09 April 2010 by Mark Simmonds and Sue Fisher
IN 1986, the International Whaling Commission (IWC) implemented a moratorium on commercial whaling. Many people believed that this would save the whales and end forever the industrial slaughter that had decimated entire species.
Not so. A proposal before the IWC could lead to the resumption of commercial whaling as early as next year. If it passes - and there is a real chance that it will - one of the greatest conservation successes of our time will be wiped out.
Even with the moratorium in place, hundreds of whales are still killed every year. This is because the IWC allows members to make unilateral objections to its decisions. Norway objects to the moratorium and hunts minke whales commercially. The IWC also allows nations to grant themselves "special permits" for research. Japan exploits this provision for commercial ends through so-called "scientific whaling" in the north Pacific and the Southern Ocean - even though the IWC has designated the area as a sanctuary. Iceland left the IWC in 1992 but rejoined 10 years later with a controversial "reservation" to the moratorium. It, too, continues to hunt commercially. The three whaling nations now kill around 1600 whales a year.
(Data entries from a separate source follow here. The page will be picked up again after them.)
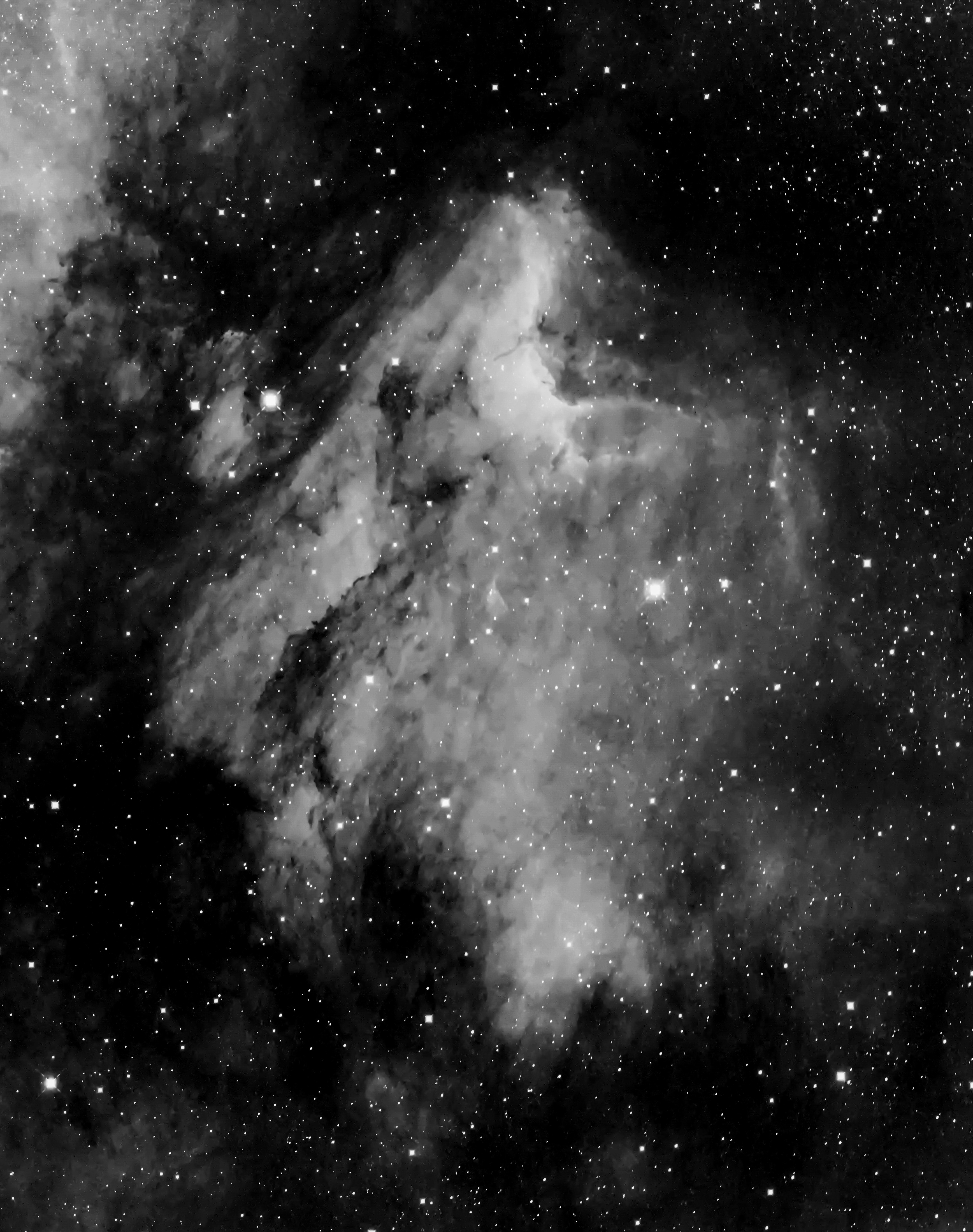 Eine weitere bearbeitete Aufnahme vom Pelikannebel mit H-Alpha-Filter.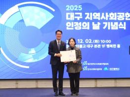 [ 대구도시개발공사는 지난 12월 2일, 보건복지부와 한국사회복지협의회가 주관하는 ‘2025년 지역사회공헌 인정제’에서 A+등급을 획득하고 보건복지부 장관상을 수상했다고 밝혔다.‘지역사회공헌 인정제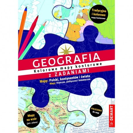 Geografia. Kolorowe mapy konturowe z zadaniami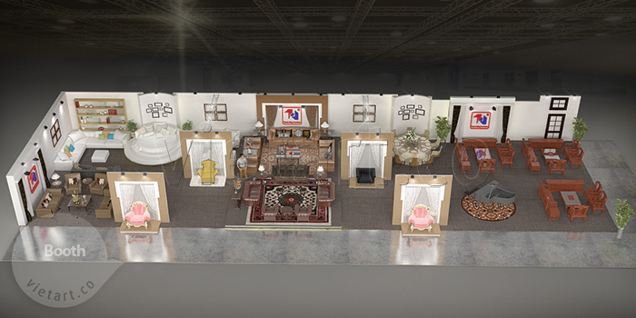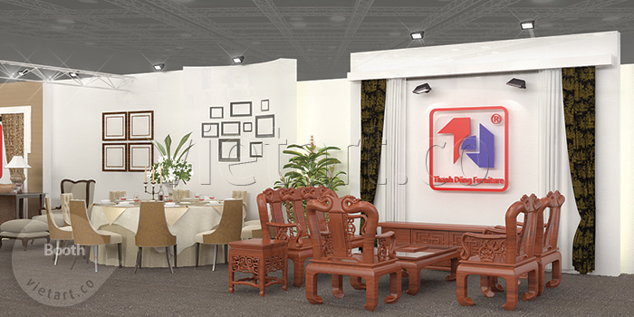 Thiết kế gian hàng tham giam gia triển lãm hiệu quả với diện tích lớn view được 3 mặt chính. Thanh Dũng funiture là một trong những booth tham gia hội chợ triển lãm đẹp và hiệu quả, nhấn mạnh và show được hầu hết sản phẩm trưng bày cũng như thể hiện nổi bật phong cách trưng bày và giàn dựng của khách hàng.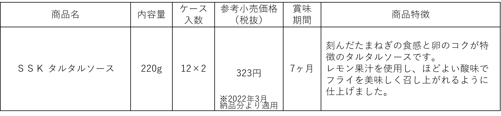 「SSK タルタルソース」は2012年に発売し、ほどよい酸味でフライを後味さっぱり食べられることでご好評をいただいております。この度、たまご感をアップし、レモン果汁を新たに加え、フライに絡みやすい粘度に改良することで、より美味しく召し上がれるように仕上げました。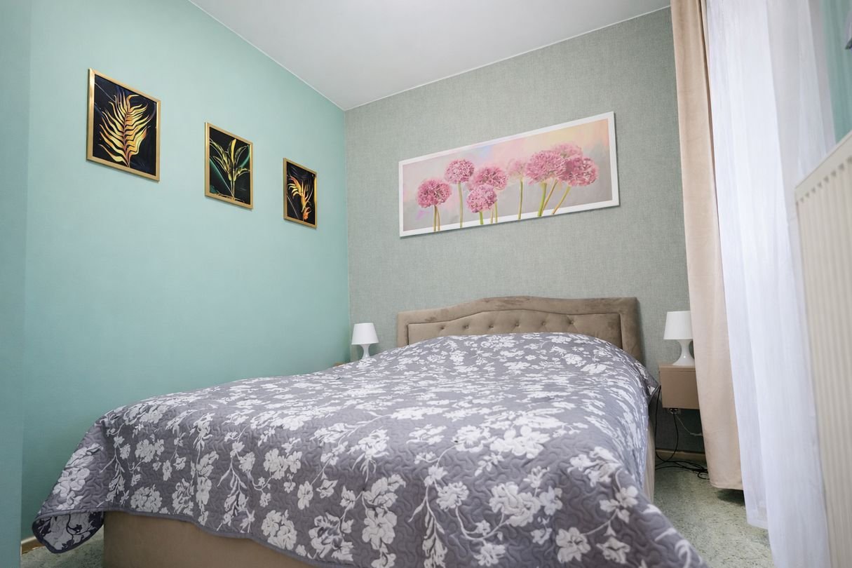 Mieszkanie zostało wyposażone w klimatyzację (w jednej z sypialni), monitoring oraz zewnętrzne rolety automatyczne, co zwiększa komfort i bezpieczeństwo mieszkańców.

This is a source of conflict at the IWC. One indicator of the scale of the conflict is the remarkable expansion of the IWC from 41 members in 1986 to 88 today, as pro-whaling nations recruit allies to their cause and anti-whaling nations follow suit to maintain parity. Neither side is close to securing the three-quarters majority needed to make binding decisions, but the whaling nations have enough votes to prevent their opponents from tackling their self-allocated quotas.